DataEntryRepository.get_submodule_data (backend/app/repositories/data_entry_repo.py:341) runs a select(...) returning DataEntry ORM rows tied to the active AsyncSession. After unpacking each row at line 561, the loop reassigns data_entry.data = {**data_entry.data, ...} three times (lines 587, 602, 613). SQLAlchemy's attribute instrumentation marks the row dirty.

The mutation is persisted by:

  • Autoflush — the Factor lookup at line 580 (executed inside the same loop) triggers a flush of the dirty DataEntry.
  • Explicit commit — write workflows (carbon_report_module.py:111) reuse the same session and flush dirty rows.

A second source of leakage: CSV/API providers stuff a kg_co2eq override directly into DataEntry.data at ingest time, also persisting it.

Repo-wide grep (data_entry\.data\s*=) found:

  • repositories/data_entry_repo.py:120 — legitimate update().
  • repositories/data_entry_repo.py:587, 602, 613 — the read-path bug.

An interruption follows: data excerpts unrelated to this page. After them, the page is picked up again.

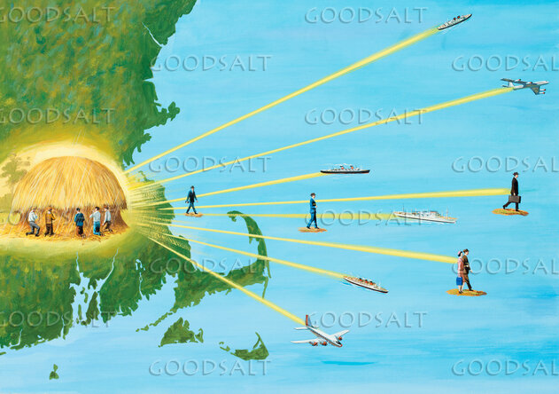 Vintage painting of missionaries praying for a harvest, then going out to gather it. by Review & Herald Publishing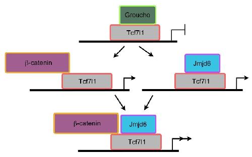 displacement of Groucho from Tcf7l1 and turns Tcf7l1 into an activator. Jmjd6 interacts with Tcf7l1 in
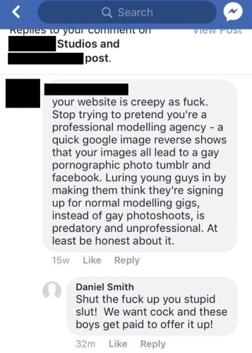When I decided to confront the ‘modelling’ studio on the fact that they were luring young men – including teen boys – into gay porn by pretending to be a photography studio, I was called a slut and told by a man named Daniel Smith to ‘shut the fuck up.’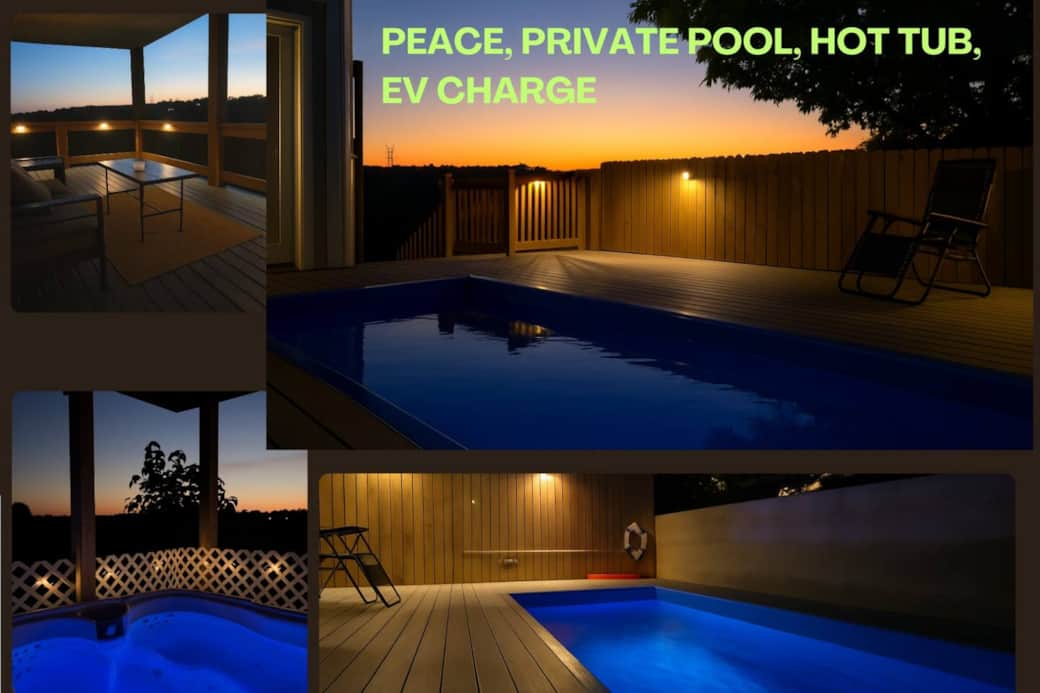 The key features include private fenced heated plunge pool (Mid march to Mid November), fenced pet area, Hot tub, EV charger, wheelchair access, and ample parking.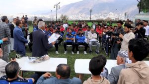 جاء ذلك خلال كلمته في اللقاء الموسع مع لاعبي و أعضاء بعثة المنتخب الوطني للناشئين الذي اقيم اليوم في باحة منتجع مدينة إب ، حيث جدد المحافظ صلاح ترحيبه باسم المكتب التنفيذي واعضاء السلطة المحلية بكل اللاعبين والإداريين في المنتخب الذين حلوا ضيوفا كراما على هذه المحافظة في إطار برنامج زياراتهم الذي يشمل العديد من المحافظات اليمنية .. معلناً تقديمه مبلغا ماليا دعما للمنتخب وتشجيعا وتقديرا لما حققه للكرة اليمنية في غرب أسيا ..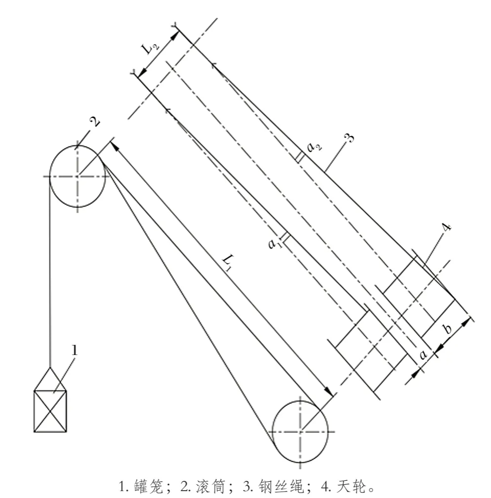 天輪內外偏角示意如圖 1 所示,為了確定是否因鋼絲繩內外偏角偏大導致的鋼絲繩異常磨損,需要對提升機的內外偏角進行測量。由圖 1 可知,α1 為天輪鋼絲繩內偏角,α2 為天輪鋼絲繩外偏角,當鋼絲繩處于左右擋繩板附近時,鋼絲繩與天輪的偏角達到zui大。

No other read method mutates .data.

2. Option 1 — Don't touch the ORM in to_response

Signature change

Protocol (app/schemas/data_entry.py:131):

def to_response(
    self,
    data_entry: T,
    enriched_data: dict | None = None,
) -> DataEntryResponseGen: ...

Each implementation does:

data = enriched_data if enriched_data is not None else data_entry.data

…and uses data in place of data_entry.data in the body.

In get_submodule_data, replace the three mutation blocks with a local enriched_data dict and pass it via handler.to_response(data_entry, enriched_data). The ORM row is never touched.

Files to edit

Repo:

  • backend/app/repositories/data_entry_repo.py (mutations at 587–620 → local dict)

Protocol:

  • backend/app/schemas/data_entry.py:131

Handler implementations (14 sites, 9 files):

  • backend/app/modules/buildings/schemas.py:249, 483, 599
  • backend/app/modules/process_emissions/schemas.py:97
  • backend/app/modules/external_cloud_and_ai/schemas.py:203, 385
  • backend/app/modules/equipment_electric_consumption/schemas.py:227
  • backend/app/modules/purchase/schemas.py:195, 296
  • backend/app/modules/professional_travel/schemas.py:207
  • backend/app/modules/research_facilities/animals_schemas.py:85
  • backend/app/modules/research_facilities/common_schemas.py:101
  • backend/app/modules/headcount/schemas.py:196, 251

3. Option 2 — expunge defense

After unpacking each row, call self.session.expunge(...) on every ORM instance returned. This detaches the instances so any later mutation cannot trigger a flush.

Apply in data_entry_repo.py to:

  • get_submodule_data (line 341)
  • get_list (line 173)
  • list_by_data_entry_type_and_year (line 195)
  • get_headcount_members (line 778)
  • get_member_by_institutional_id (line 808)

Add a private helper:

def _detach(self, *objs: Any) -> None:
    for obj in objs:
        if obj is not None:
            self.session.expunge(obj)

Note: get_submodule_data only accesses scalar columns and the JSON data after unpack (no lazy relationships), so expunging is safe. Add a comment to that effect.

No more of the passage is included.